▸ **EXCERPTED RECORDS**
------------------------
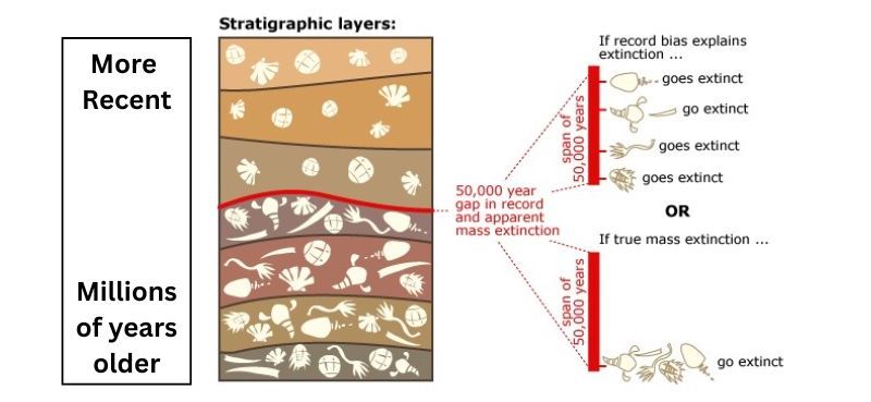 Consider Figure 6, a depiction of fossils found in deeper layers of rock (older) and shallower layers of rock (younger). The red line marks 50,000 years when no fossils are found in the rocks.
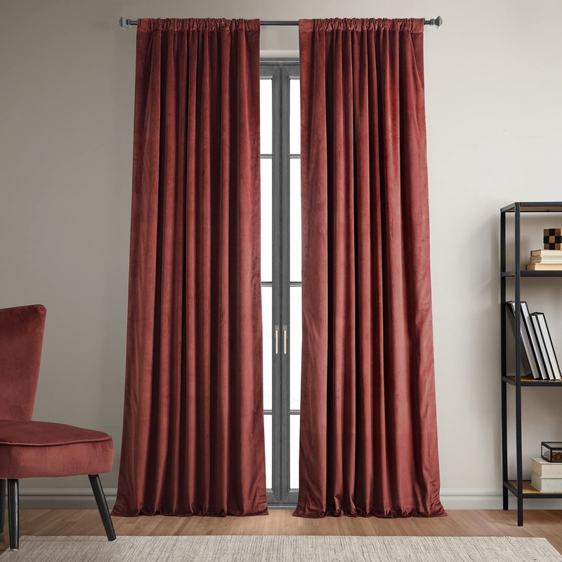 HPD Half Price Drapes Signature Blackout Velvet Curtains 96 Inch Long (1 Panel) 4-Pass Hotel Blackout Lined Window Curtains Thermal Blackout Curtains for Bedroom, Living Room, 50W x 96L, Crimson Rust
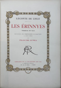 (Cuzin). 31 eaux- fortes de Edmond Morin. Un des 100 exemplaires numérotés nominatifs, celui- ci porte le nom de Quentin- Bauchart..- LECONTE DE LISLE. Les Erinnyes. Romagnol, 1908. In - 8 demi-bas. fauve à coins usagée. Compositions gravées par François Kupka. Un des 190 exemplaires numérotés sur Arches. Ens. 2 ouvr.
------------------------
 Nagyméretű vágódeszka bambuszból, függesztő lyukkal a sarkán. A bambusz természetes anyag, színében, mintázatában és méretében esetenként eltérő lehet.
------------------------
▸ **TASK PROMPT**
Above are the records; return the lines in them from the one with "Consider Figure 6, a" to the one with "(Cuzin). 31 eaux- fortes", inclusive, exactly and without images.

▸ **RESULT OF THIS TASK**
 Consider Figure 6, a depiction of fossils found in deeper layers of rock (older) and shallower layers of rock (younger). The red line marks 50,000 years when no fossils are found in the rocks.
 HPD Half Price Drapes Signature Blackout Velvet Curtains 96 Inch Long (1 Panel) 4-Pass Hotel Blackout Lined Window Curtains Thermal Blackout Curtains for Bedroom, Living Room, 50W x 96L, Crimson Rust
 (Cuzin). 31 eaux- fortes de Edmond Morin. Un des 100 exemplaires numérotés nominatifs, celui- ci porte le nom de Quentin- Bauchart..- LECONTE DE LISLE. Les Erinnyes. Romagnol, 1908. In - 8 demi-bas. fauve à coins usagée. Compositions gravées par François Kupka. Un des 190 exemplaires numérotés sur Arches. Ens. 2 ouvr.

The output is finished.